Winter Fantasy is an annual gaming convention that takes place in the USA every January or February.

History
The convention was held as early as 1977 under the name Winter Fantasy. In 2007 the convention was renamed to D&D Experience (often abbreviated as DDXP or D&DXP). In 2012 Wizards of the Coast announced it would now use the title D&D Experience for the events it held at the Gen Con convention. Baldman Games, the company currently operating this and other conventions for Wizards of the Coast, decided to continue the tradition and brought back the name Winter Fantasy for the 2013 convention.
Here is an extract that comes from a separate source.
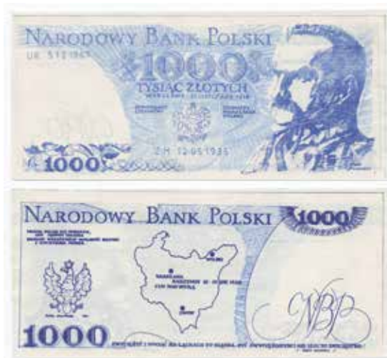
15. Awers i rewers „banknotu” z wizerunkiem Piłsudskiego, niedatowany, brak informacji o wydawcy, autor nieznan, ze zbiorów Archiwum Historycznego Komisji Krajowej NSZZ Solidarność, brak sygnatury

The convention has been closely tied to the RPGA, and was sponsored by the RPGA from 1989 until TSR went bankrupt.

Winter Fantasy has played host to a wide variety of tournament and organized play games. These include popular living campaign programs such as Living City, Living Greyhawk, and Living Forgotten Realms. The 2013 convention included Pathfinder Society games run by Paizo Publishing in addition to Wizards of the Coast organized play events.

Winter Fantasy has often featured special events either not available elsewhere or with a limited release. 2013 included a special Pathfinder scenario and multi-table battle interactive events for the Living Forgotten Realms and Ashes of Athas campaigns. Ashes of Athas is a Dark Sun campaign, which started at Winter Fantasy 2011 and concluded at Winter Fantasy 2013.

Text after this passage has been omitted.